● **EXERCISE OBJECTIVE**:
Output the full listing below exactly; the images stay out.

● **DATASET EXTRACT**:
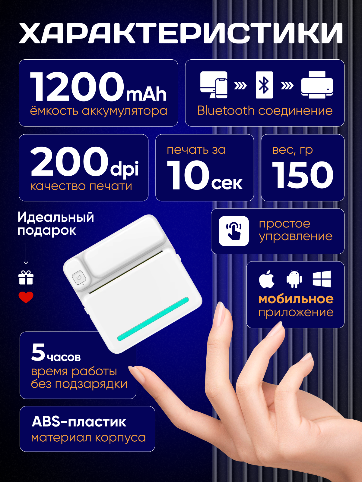 Мини принтер, Портативный термопринтер, фотопринтер для мобильный телефон (максимальная комплектация) информация:
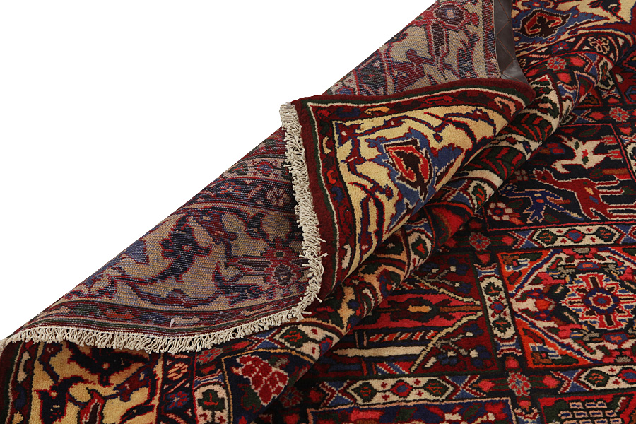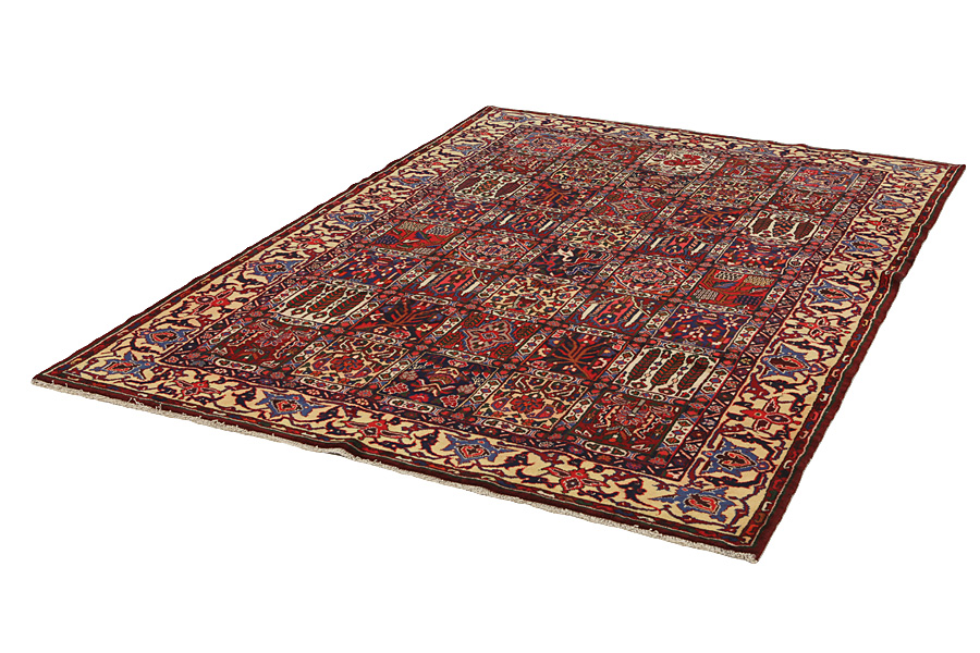 Alfombras Bakhtiari: En las montañas de Zagros, al oeste de la ciudad de Isfahan alrededor de Shar-e-Kurd viven los nómadas Bakhtiar. Sus alfombras son conocidas por los motivos de los cuadros repetidos dentro de los que se representan flores o animales. Por eso este motivo se llama "Jardín" (Khesti). Sus alfombras son muy resistentes, con tejido denso y lana persa de alta calidad que proviene de ovejas que viven en gran altura. Las mejores alfombras Bakhtiar que tienen la densidad más grande de nudos a menudo se llaman Bibibaf. Además, muchas alfombras están influenciadas por las alfombras Isfahan (Boldaji, Feridan, Saman).
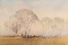In 1898 Hilder joined the Brisbane branch of the Bank of New South Wales. In 1901 he was transferred to Goulburn, and the following year to Bega, on the south coast of New South Wales, where he joined some friends in weekend sketching. Later on he was to receive £1 for one of these sketches, his first sale. Suffering increasing ill-health he moved on a number of occasions. Hilder was transferred to a Sydney suburb, but the sea air did not suit him; he was diagnosed with tuberculosis.[1] During the next five years he had to obtain leave of absence from the bank several times.

● **ANSWER SPACE**:
 Мини принтер, Портативный термопринтер, фотопринтер для мобильный телефон (максимальная комплектация) информация:
 Alfombras Bakhtiari: En las montañas de Zagros, al oeste de la ciudad de Isfahan alrededor de Shar-e-Kurd viven los nómadas Bakhtiar. Sus alfombras son conocidas por los motivos de los cuadros repetidos dentro de los que se representan flores o animales. Por eso este motivo se llama "Jardín" (Khesti). Sus alfombras son muy resistentes, con tejido denso y lana persa de alta calidad que proviene de ovejas que viven en gran altura. Las mejores alfombras Bakhtiar que tienen la densidad más grande de nudos a menudo se llaman Bibibaf. Además, muchas alfombras están influenciadas por las alfombras Isfahan (Boldaji, Feridan, Saman).
In 1898 Hilder joined the Brisbane branch of the Bank of New South Wales. In 1901 he was transferred to Goulburn, and the following year to Bega, on the south coast of New South Wales, where he joined some friends in weekend sketching. Later on he was to receive £1 for one of these sketches, his first sale. Suffering increasing ill-health he moved on a number of occasions. Hilder was transferred to a Sydney suburb, but the sea air did not suit him; he was diagnosed with tuberculosis.[1] During the next five years he had to obtain leave of absence from the bank several times.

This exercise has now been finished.